E em relação ao aeroporto?
Acho que o grupo de trabalho fez um excelente trabalho e a Governo também esteve bem em aceitar o relatório e avançar para o novo aeroporto. Agora estou a ver que isto continua difícil e em termos da construção poderia optar-se por fases, por exemplo. Não sou engenheiro, mas julgo que já na altura se discutia a possibilidade de se ir progressivamente construindo. É preciso pensar e ver as alternativas mais adequadas às nossas necessidades.
Quanto à TAP faz sentido privatizar agora que tem dado lucro?
A questão do lucro ou do prejuízo não é uma questão fundamental e também se não houvesse lucro não se privatizava. É bom sinal que dê lucro. Do meu ponto de vista, o setor aéreo é estratégico e Portugal não pode deixar de ter algum controlo na questão das suas articulações aéreas e a questão da TAP deve ser encarada do ponto de vista de uma estratégia internacional. O que é que queremos em termos do transporte aéreo? As outras empresas aéreas, como a francesa, espanhola e até a própria alemã, de uma forma ou de outra, o Estado também está lá metido, com maiores ou menores participações. A questão do mais privado ou do menos privado deve estar relacionado com a definição da estratégia. Não é ‘vamos privatizar a quem oferecer mais’, não defendo essa perspetiva.

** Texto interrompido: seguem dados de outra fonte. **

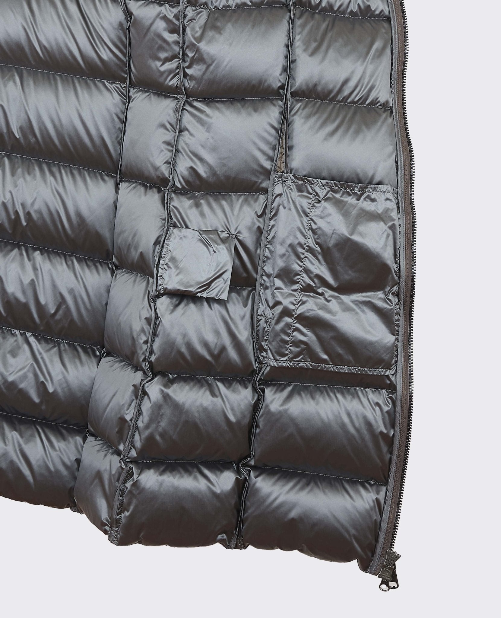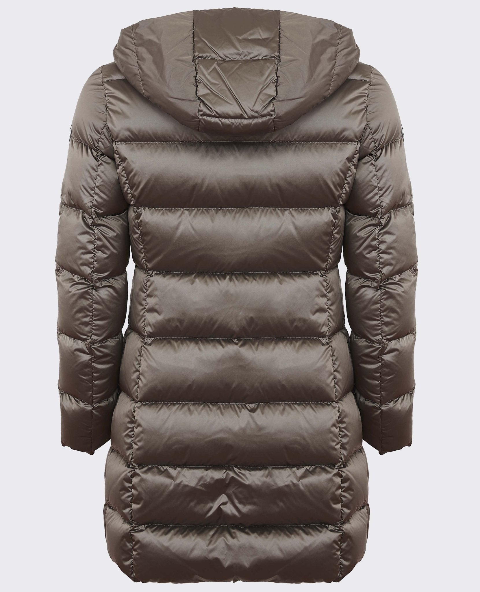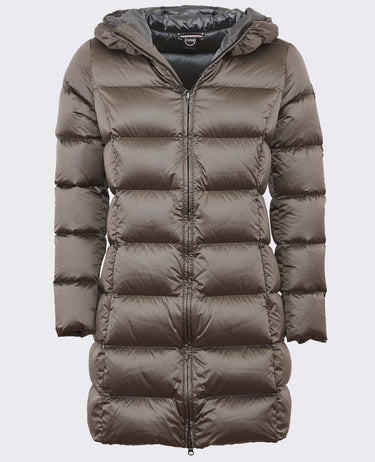 Doudoune à capuche fixe, réalisée en tissu déperlant irisé et rembourrée de plumes naturelles. Capuche enveloppante, matelassage régulier et une légère découpe latérale à la taille pour souligner la silhouette pour un look d'hiver vraiment féminin.
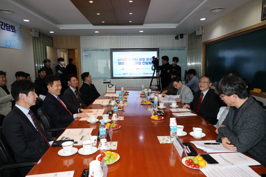 포항시는 17일 남구 아태이론물리센터 회의실에서 ‘APEC AI 센터 포항 유치 해외 연구기관장 간담회’를 갖고 주요 연구기관장들과 아시아·태평양 AI 센터 유치 방안을 논의했다. 간담회에는 사사키 미사오 아태이론물리센터 소장, 박재훈 막스플랑크 한국·포스텍연구소장, 박수진 포스텍 연구처장, 유환조 인공지능연구원 부원장 등이 참석해 공동 협력과 지원 의지를 확인했다.
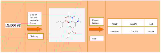 Our primary data source in this study is the DrugBank Database. It is a comprehensive, freely accessible, online database containing information on drugs and targets. The latest release of DrugBank [] contains 13,431 drug entries, including 2617 approved small molecule drugs, and 1345 approved biotech (protein/peptide) drugs. DrugBank data are indexed by DrugBank Identification Numbers, where a query returns the representation of a related item in the so-called Canonical SMILES (SMI) format [], for most, but not all, entries. Filtering out the entries with no SMI representation left us with 5771 drugs. SMI representations cannot be readily used as an input vector to an autoencoder. Therefore, we employed the Rcpi (Molecular Informatics Toolkit for Compound-Protein Interaction in Drug Discovery) [] library in R-studio to perform the necessary conversions. We used eight feature descriptors to extract drug features, namely, Drug Amino Acid Count (20 features), Drug ALOGP (3 features), Drug Atom Count (1 feature), Drug Aromatic Atoms Count (1 feature), Drug Apol (1 feature), Drug Autocorrelation Charge (5 features), Drug Autocorrelation Mass (5 features), and Drug Autocorrelation Polarizability (5 features). Consequently, each one of the 5771 drugs at our disposal has a representation by 41 features (Figure 2).
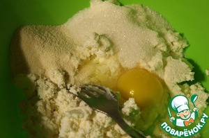Творог размять вилкой, добавить к нему манную крупу, сахар, соль, яйцо, хорошо перемешать. Пшенные хлопья залить горячим молоком, накрыть блюдцем и оставить на 3 минуты.
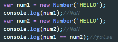 new Number('HELLO')도 NaN이고 new Number('안녕')도 NaN이다. 따라서 결과는 NaN이지만 그 값 HELLO와 안녕인 것처럼 값이 다를 수 있기 때문에 JS내부적으로도 무조건 false가 반환된다. 설사 같은 HELLO로 NaN이 나왔다고 하더라도 NaN끼리비교는 false가 나온다.

Consoante essa estratégia, o Estado pode ter uma posição maior ou menor?
Até se pode chegar à conclusão que é melhor privatizar tudo, mas esta discussão não é feita.
Sente que a TAP é usada como arma de arremesso político?
Acho que há muita ideologia nessa discussão, quando se devia ter em conta o interesse do país e a afirmação do país no contexto europeu e internacional. Essa é que deve ser a prioridade. Será que conseguimos utilizar o novo aeroporto e a TAP como instrumento de reforço da nossa voz, da nossa posição no contexto europeu? Na minha opinião é isso que deve presidir no momento da decisão.
O interesse do país deve estar acima de qualquer guerra política-partidária…
Acho e, muitas vezes, as guerras são primárias. Sou pela privatização porque sou favorável à economia de mercado. Essa é uma opção ideológica.